> _TASK BRIEF_
Below are the records. Reproduce exactly the lines from the one containing "首元は控えめなフリルデザイン" through the final line, and omit any pictures.

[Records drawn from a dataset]

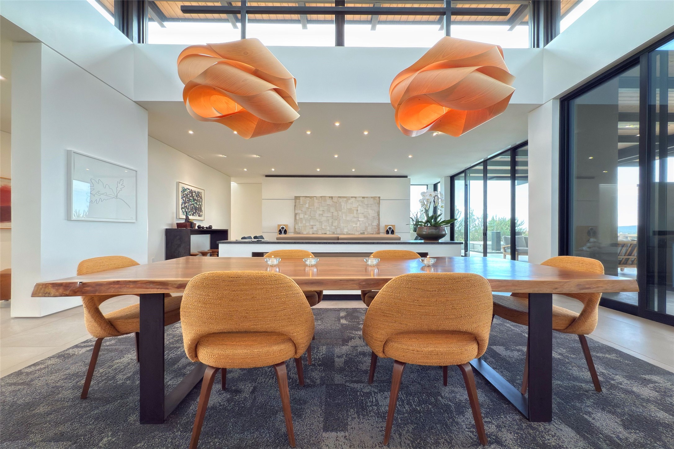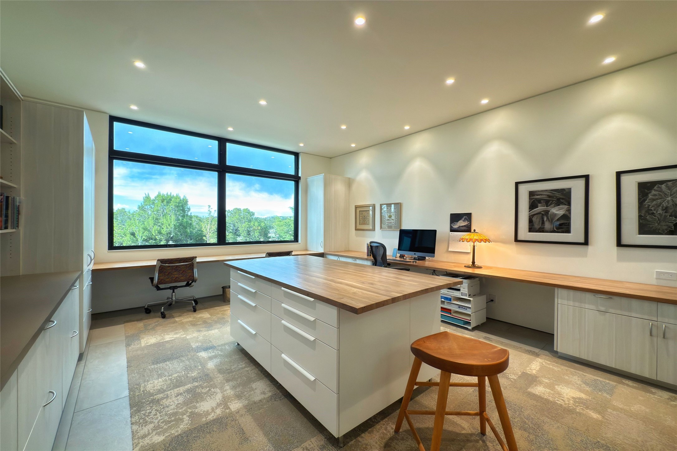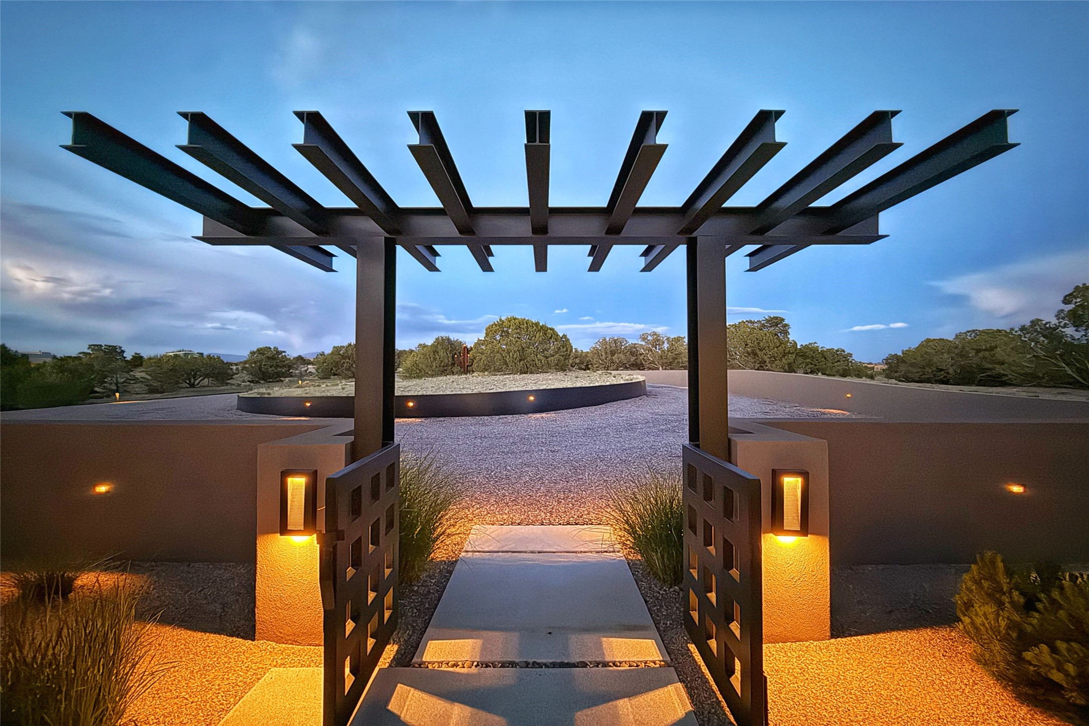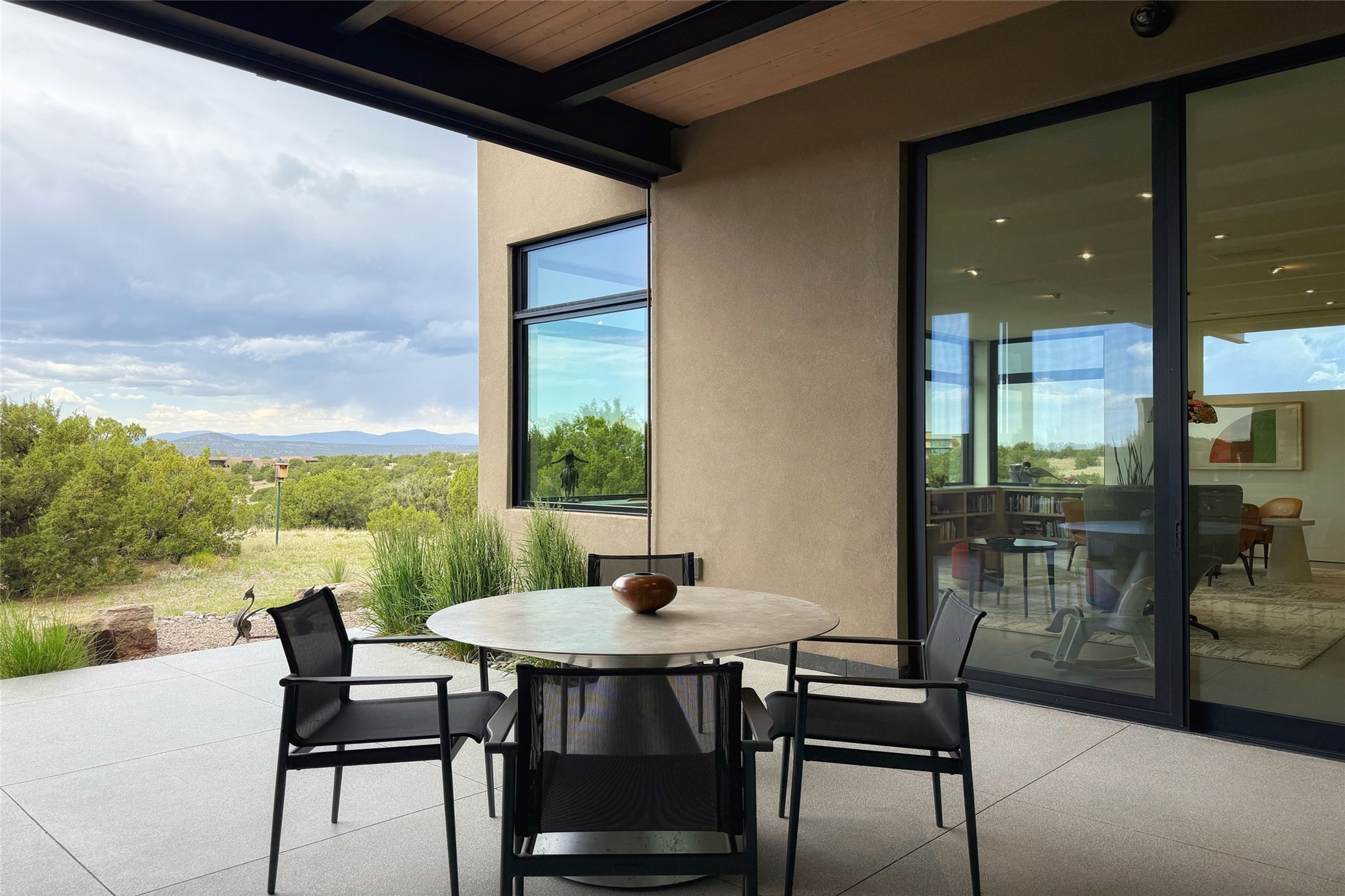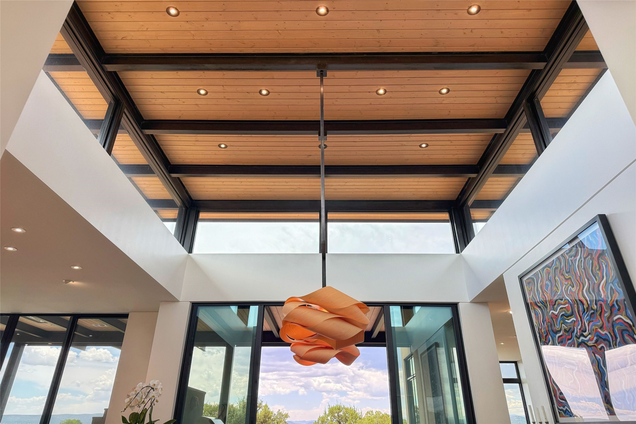 Wall Street Journal House of the Week featured 7/11/25. Artful design meets exceptional functionality in this striking contemporary estate, brilliantly conceived by renowned architect Lorn Tryk, and built by Prull Custom Builders. Resting on 4 acres, this home is a rare synthesis of modern form and high-performance living. A peaceful water feature welcomes you where a snow-melt walkway leads to a dramatic glass entry and gallery-style hall--perfect for displaying fine art. Inside, Tryk's "floating" walls, vanities, and cabinetry create a fabulous play of light and shadow. The dining room stuns with 17-foot clerestory ceilings, 72-inch EcoSmart fireplace, and floor-to-ceiling glass sliders opening to a heated portal, with in-ground hot tub, wood burning fireplace, and views of the Jemez and golf course. The chef's kitchen is built to entertain. A wraparound layout conceals a butler's pantry, while leathered granite counters, rift white oak cabinetry, steam and convection ovens, Sub-Zero wine storage, and a Grohe Blue seltzer system offer top-tier culinary tools. The primary suite is a sanctuary, complete with Ecosmart fireplace, in-suite gym, and a spa-style bath with walk-through triple-head shower. The guest wing includes two en-suites and a sitting area leads to a covered portal. For work and creativity, the home offers two distinct offices. One includes cabinetry with walnut countertops and a spacious craft table, while the other features skylights and massive storage for art supplies. This space could easily be converted into a fourth bedroom with bath. Smart home features include radiant in-floor heating and cooling and concealed media in the living room with sliding art panels to hide the TV. An integrated audiophile sound system by Linn operates in five locations. The three-car garage includes a dedicated RV bay and 50 amp EV charger. A truly distinctive property--thoughtfully designed, rich in detail, and purposefully built for elegant living and entertaining.
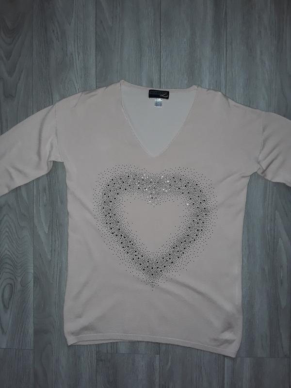 Женская кофта с сердцем из страз по бирке размер ХХЛ. Состояние отличное. Цвет пудра. Длина 64см Рукав 51см Плечи 53см
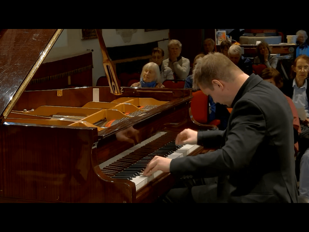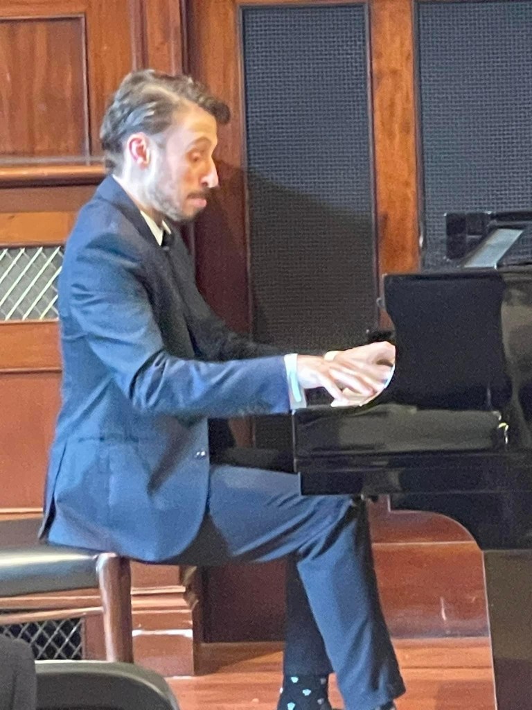 The natural movements that followed the contours of the music allowed him to seek out sounds without any ungrateful hardness even in the most challenging passages that abound in a work that the composer himself said : ‘May the devil play it ‘.The fullness of rich sound in the solemn Adagio – The Wanderer – was remarkable for its sonority.I even found it a little too important a statement but was then led by Pablo to the magic of the variations where streams of golden sounds just poured like water over the keys leading to a climax worthy of the mightiest of Beethoven only to disappear in a series of vibrations all so similarly found in late Beethoven.The scherzo ,presto,was played with a clarity and sense of dance that created just the contrast and lyrical interlude before the tumultuous final explosion in preparation for the Allegro fugato.He embarked on the Allegro with an urgency almost in two instead of four.But we need not have worried as Pablo is also a great virtuoso as he fearlessly led us to the tumultuous conclusion with no sign of collision or mishap.A remarkably exciting conclusion to a superb performance.
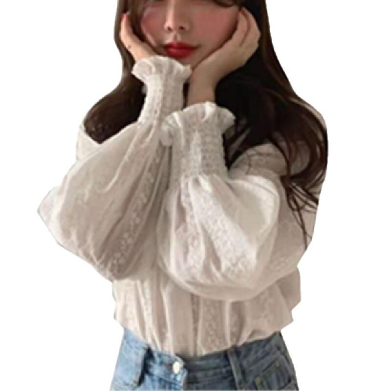 首元は控えめなフリルデザインのハイネックで、顔まわりをやさしく印象づける仕上がり。ふんわりとしたボリュームスリーブと袖口のシャーリングが、ほどよい立体感を生み出します。
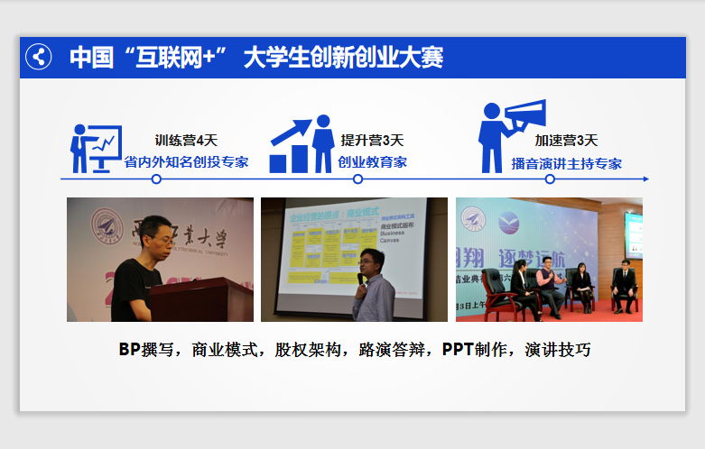 商业计划书是创业团队的名片。顾老师围绕如何写好一份吸引人眼球的商业计划书,如何做高质量的项目路演PPT,如何做高质量的项目展示视频等做了详细的讲解和演示。互动环节中,同学们就一些可能的创新项目向顾老师进行了咨询,顾老师都耐心细致的提出了自己的建议,鼓励同学们积极参与到创业大赛中,将自己的项目和团队带到一个更高更广阔的平台。

> _ANSWER FOR THE TASK_
 首元は控えめなフリルデザインのハイネックで、顔まわりをやさしく印象づける仕上がり。ふんわりとしたボリュームスリーブと袖口のシャーリングが、ほどよい立体感を生み出します。
 商业计划书是创业团队的名片。顾老师围绕如何写好一份吸引人眼球的商业计划书,如何做高质量的项目路演PPT,如何做高质量的项目展示视频等做了详细的讲解和演示。互动环节中,同学们就一些可能的创新项目向顾老师进行了咨询,顾老师都耐心细致的提出了自己的建议,鼓励同学们积极参与到创业大赛中,将自己的项目和团队带到一个更高更广阔的平台。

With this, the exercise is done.